§ **Exercise instructions**:
The pictures do not belong in the copy. Restate all of the records word for word.

§ **Data records**:
▬▬▬▬▬▬

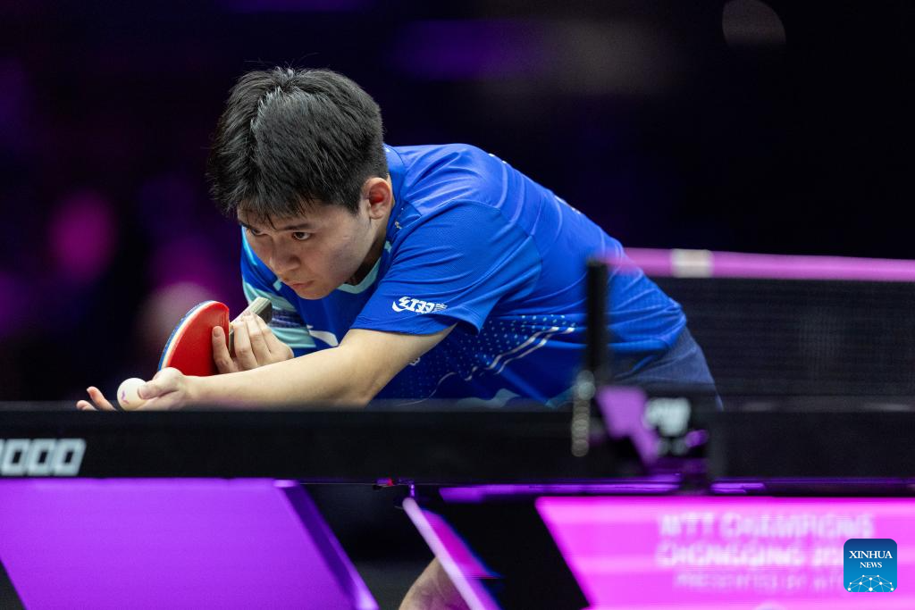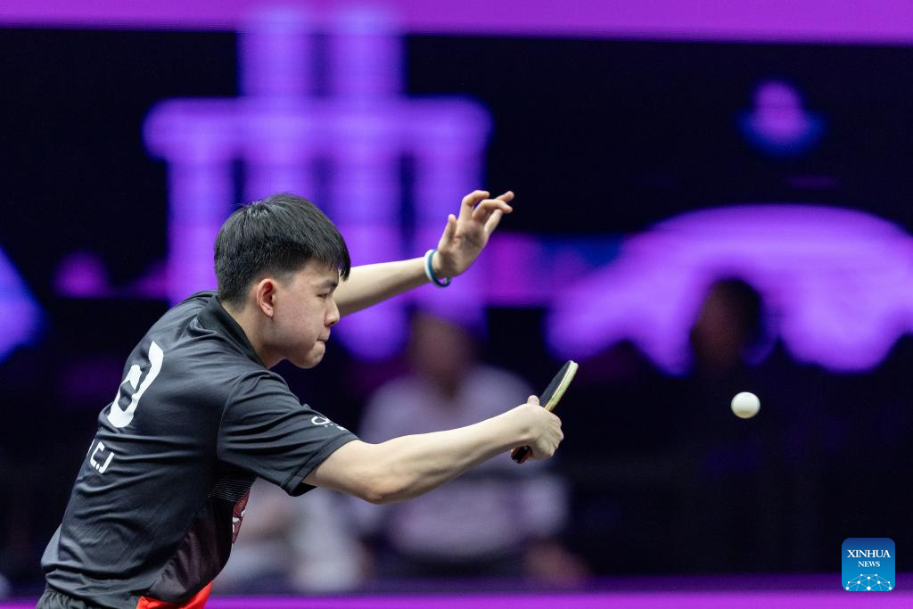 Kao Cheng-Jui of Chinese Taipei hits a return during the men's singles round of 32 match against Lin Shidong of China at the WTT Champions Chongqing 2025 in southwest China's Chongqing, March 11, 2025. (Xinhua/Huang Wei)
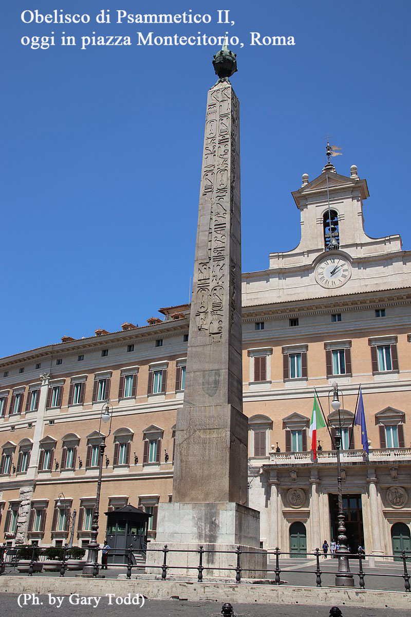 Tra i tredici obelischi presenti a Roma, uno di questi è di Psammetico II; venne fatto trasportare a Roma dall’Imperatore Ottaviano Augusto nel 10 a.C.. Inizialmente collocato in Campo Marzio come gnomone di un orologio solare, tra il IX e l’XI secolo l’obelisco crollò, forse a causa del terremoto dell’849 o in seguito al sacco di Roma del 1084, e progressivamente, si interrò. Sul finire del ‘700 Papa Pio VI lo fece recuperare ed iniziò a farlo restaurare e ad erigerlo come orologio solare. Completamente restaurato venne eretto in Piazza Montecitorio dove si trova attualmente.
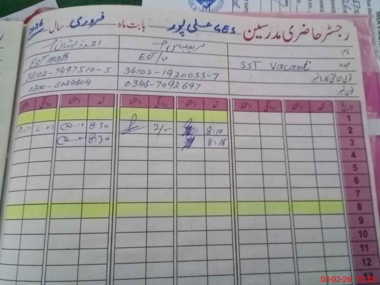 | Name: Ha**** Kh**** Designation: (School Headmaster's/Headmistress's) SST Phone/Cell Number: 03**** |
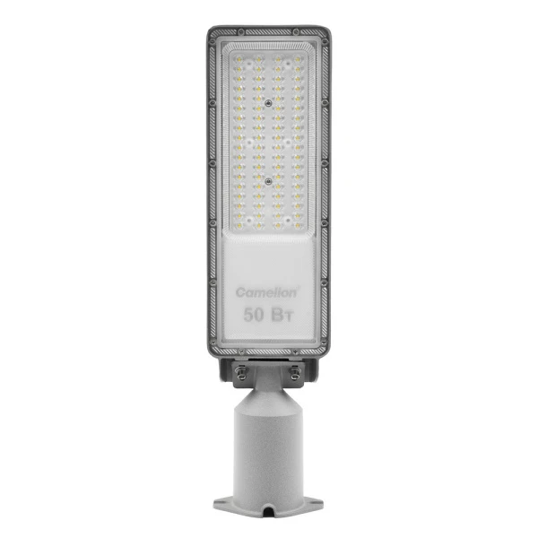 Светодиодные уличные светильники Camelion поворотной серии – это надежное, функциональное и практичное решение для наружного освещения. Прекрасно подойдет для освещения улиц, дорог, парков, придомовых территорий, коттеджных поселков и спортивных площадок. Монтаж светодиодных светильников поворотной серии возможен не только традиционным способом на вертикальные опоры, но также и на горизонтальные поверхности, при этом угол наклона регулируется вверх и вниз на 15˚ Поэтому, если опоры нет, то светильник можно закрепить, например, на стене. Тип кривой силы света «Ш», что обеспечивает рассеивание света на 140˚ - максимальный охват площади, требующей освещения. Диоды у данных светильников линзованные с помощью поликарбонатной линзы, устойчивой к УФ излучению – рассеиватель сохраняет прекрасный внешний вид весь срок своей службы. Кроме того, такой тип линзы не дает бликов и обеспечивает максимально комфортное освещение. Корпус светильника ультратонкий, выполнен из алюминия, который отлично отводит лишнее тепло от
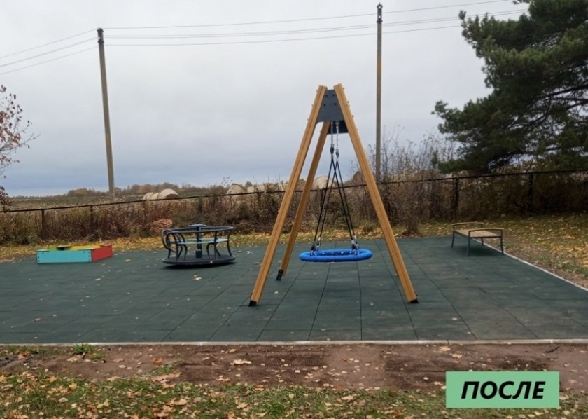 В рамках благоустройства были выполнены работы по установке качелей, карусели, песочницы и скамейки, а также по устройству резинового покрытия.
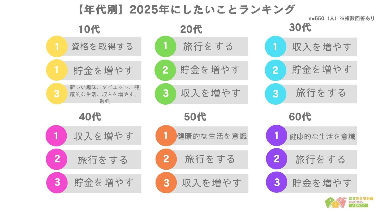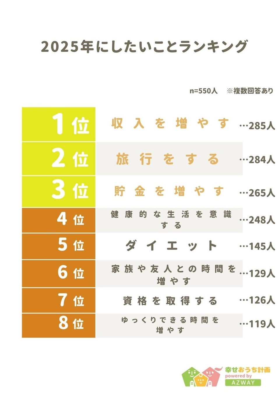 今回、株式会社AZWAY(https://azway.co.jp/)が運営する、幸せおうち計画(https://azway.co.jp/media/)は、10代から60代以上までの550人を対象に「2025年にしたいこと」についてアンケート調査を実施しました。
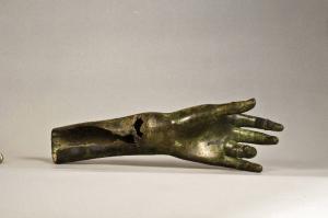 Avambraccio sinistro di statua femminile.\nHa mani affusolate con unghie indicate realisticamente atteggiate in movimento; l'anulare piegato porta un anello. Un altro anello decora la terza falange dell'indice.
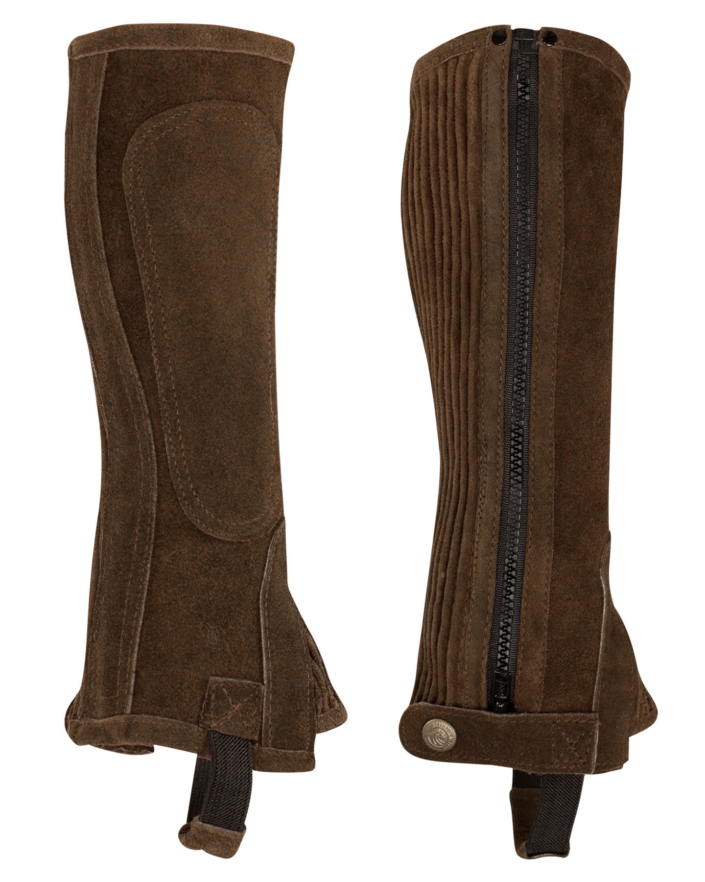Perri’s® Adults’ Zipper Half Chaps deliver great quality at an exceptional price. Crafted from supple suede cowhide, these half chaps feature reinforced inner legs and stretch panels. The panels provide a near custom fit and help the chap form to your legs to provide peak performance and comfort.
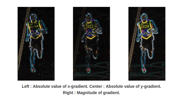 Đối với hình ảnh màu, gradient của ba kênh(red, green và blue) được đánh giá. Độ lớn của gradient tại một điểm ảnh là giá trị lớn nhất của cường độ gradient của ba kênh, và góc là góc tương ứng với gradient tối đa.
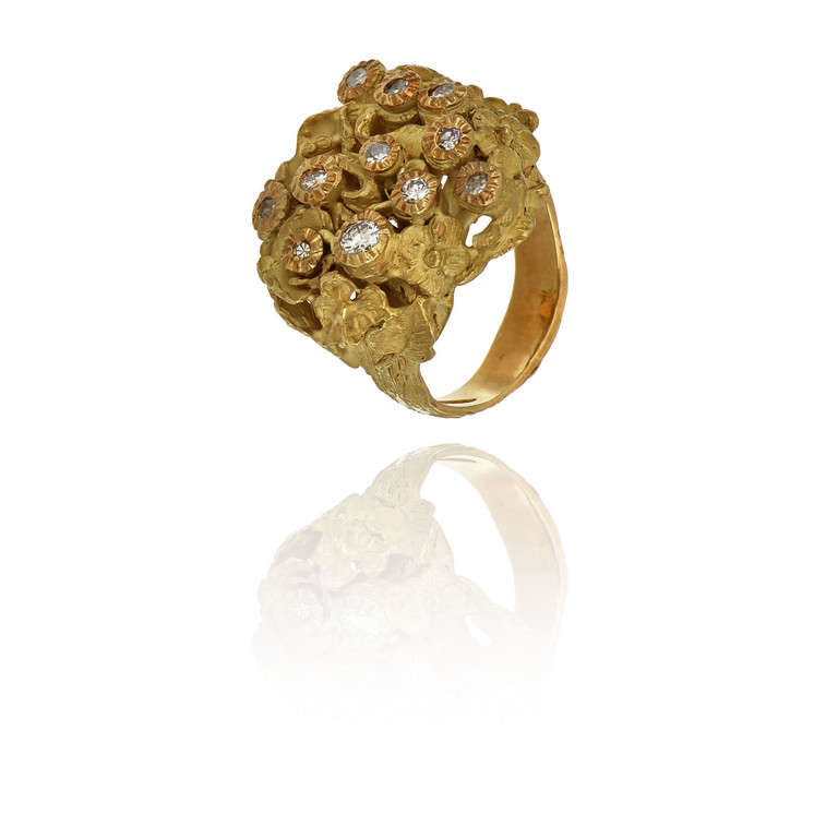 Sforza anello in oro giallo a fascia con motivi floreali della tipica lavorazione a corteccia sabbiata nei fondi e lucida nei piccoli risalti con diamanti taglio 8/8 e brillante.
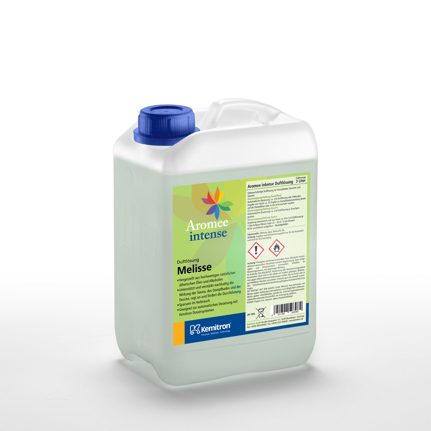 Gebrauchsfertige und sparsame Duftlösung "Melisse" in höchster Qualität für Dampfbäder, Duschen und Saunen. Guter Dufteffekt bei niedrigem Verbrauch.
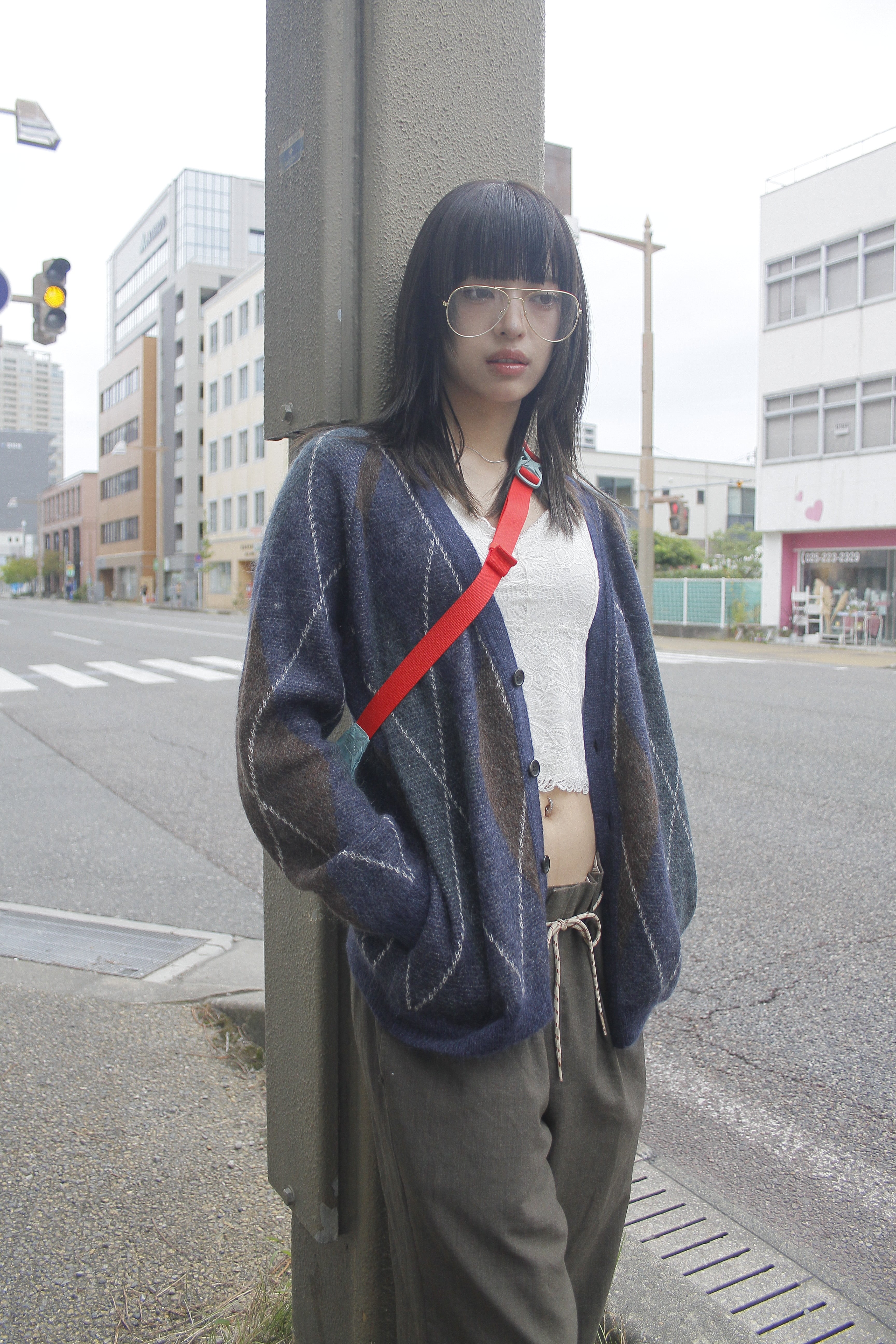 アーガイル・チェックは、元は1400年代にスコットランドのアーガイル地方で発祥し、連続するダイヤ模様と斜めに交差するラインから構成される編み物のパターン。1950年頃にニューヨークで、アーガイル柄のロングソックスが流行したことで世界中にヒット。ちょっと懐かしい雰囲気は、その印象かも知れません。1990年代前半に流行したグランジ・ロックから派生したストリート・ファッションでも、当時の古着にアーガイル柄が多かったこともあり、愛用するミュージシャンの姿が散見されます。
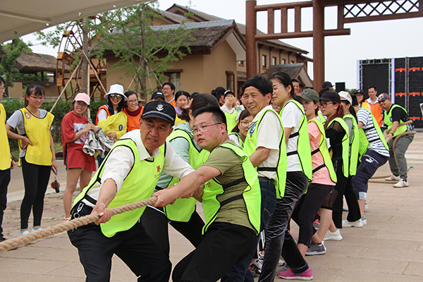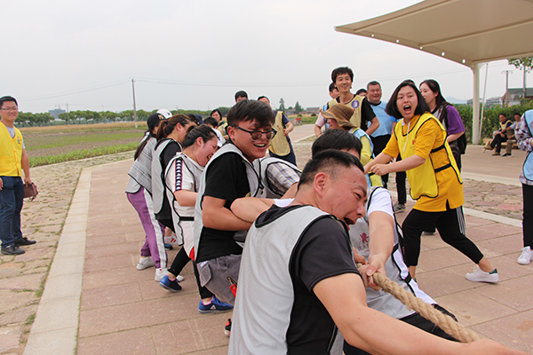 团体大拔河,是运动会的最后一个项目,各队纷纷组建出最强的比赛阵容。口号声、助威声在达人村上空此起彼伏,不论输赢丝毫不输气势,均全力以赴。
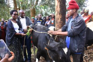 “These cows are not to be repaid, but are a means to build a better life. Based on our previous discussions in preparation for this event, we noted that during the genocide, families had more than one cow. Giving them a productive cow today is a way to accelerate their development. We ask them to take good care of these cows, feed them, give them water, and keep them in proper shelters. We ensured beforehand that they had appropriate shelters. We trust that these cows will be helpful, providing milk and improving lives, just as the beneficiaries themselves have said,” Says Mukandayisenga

▬▬▬▬▬▬

§ **Response area**:
 Kao Cheng-Jui of Chinese Taipei hits a return during the men's singles round of 32 match against Lin Shidong of China at the WTT Champions Chongqing 2025 in southwest China's Chongqing, March 11, 2025. (Xinhua/Huang Wei)
 Tra i tredici obelischi presenti a Roma, uno di questi è di Psammetico II; venne fatto trasportare a Roma dall’Imperatore Ottaviano Augusto nel 10 a.C.. Inizialmente collocato in Campo Marzio come gnomone di un orologio solare, tra il IX e l’XI secolo l’obelisco crollò, forse a causa del terremoto dell’849 o in seguito al sacco di Roma del 1084, e progressivamente, si interrò. Sul finire del ‘700 Papa Pio VI lo fece recuperare ed iniziò a farlo restaurare e ad erigerlo come orologio solare. Completamente restaurato venne eretto in Piazza Montecitorio dove si trova attualmente.
 | Name: Ha**** Kh**** Designation: (School Headmaster's/Headmistress's) SST Phone/Cell Number: 03**** |
 Светодиодные уличные светильники Camelion поворотной серии – это надежное, функциональное и практичное решение для наружного освещения. Прекрасно подойдет для освещения улиц, дорог, парков, придомовых территорий, коттеджных поселков и спортивных площадок. Монтаж светодиодных светильников поворотной серии возможен не только традиционным способом на вертикальные опоры, но также и на горизонтальные поверхности, при этом угол наклона регулируется вверх и вниз на 15˚ Поэтому, если опоры нет, то светильник можно закрепить, например, на стене. Тип кривой силы света «Ш», что обеспечивает рассеивание света на 140˚ - максимальный охват площади, требующей освещения. Диоды у данных светильников линзованные с помощью поликарбонатной линзы, устойчивой к УФ излучению – рассеиватель сохраняет прекрасный внешний вид весь срок своей службы. Кроме того, такой тип линзы не дает бликов и обеспечивает максимально комфортное освещение. Корпус светильника ультратонкий, выполнен из алюминия, который отлично отводит лишнее тепло от
 В рамках благоустройства были выполнены работы по установке качелей, карусели, песочницы и скамейки, а также по устройству резинового покрытия.
 今回、株式会社AZWAY(https://azway.co.jp/)が運営する、幸せおうち計画(https://azway.co.jp/media/)は、10代から60代以上までの550人を対象に「2025年にしたいこと」についてアンケート調査を実施しました。
 Avambraccio sinistro di statua femminile.\nHa mani affusolate con unghie indicate realisticamente atteggiate in movimento; l'anulare piegato porta un anello. Un altro anello decora la terza falange dell'indice.
Perri’s® Adults’ Zipper Half Chaps deliver great quality at an exceptional price. Crafted from supple suede cowhide, these half chaps feature reinforced inner legs and stretch panels. The panels provide a near custom fit and help the chap form to your legs to provide peak performance and comfort.
 Đối với hình ảnh màu, gradient của ba kênh(red, green và blue) được đánh giá. Độ lớn của gradient tại một điểm ảnh là giá trị lớn nhất của cường độ gradient của ba kênh, và góc là góc tương ứng với gradient tối đa.
 Sforza anello in oro giallo a fascia con motivi floreali della tipica lavorazione a corteccia sabbiata nei fondi e lucida nei piccoli risalti con diamanti taglio 8/8 e brillante.
 Gebrauchsfertige und sparsame Duftlösung "Melisse" in höchster Qualität für Dampfbäder, Duschen und Saunen. Guter Dufteffekt bei niedrigem Verbrauch.
 アーガイル・チェックは、元は1400年代にスコットランドのアーガイル地方で発祥し、連続するダイヤ模様と斜めに交差するラインから構成される編み物のパターン。1950年頃にニューヨークで、アーガイル柄のロングソックスが流行したことで世界中にヒット。ちょっと懐かしい雰囲気は、その印象かも知れません。1990年代前半に流行したグランジ・ロックから派生したストリート・ファッションでも、当時の古着にアーガイル柄が多かったこともあり、愛用するミュージシャンの姿が散見されます。
 团体大拔河,是运动会的最后一个项目,各队纷纷组建出最强的比赛阵容。口号声、助威声在达人村上空此起彼伏,不论输赢丝毫不输气势,均全力以赴。
 “These cows are not to be repaid, but are a means to build a better life. Based on our previous discussions in preparation for this event, we noted that during the genocide, families had more than one cow. Giving them a productive cow today is a way to accelerate their development. We ask them to take good care of these cows, feed them, give them water, and keep them in proper shelters. We ensured beforehand that they had appropriate shelters. We trust that these cows will be helpful, providing milk and improving lives, just as the beneficiaries themselves have said,” Says Mukandayisenga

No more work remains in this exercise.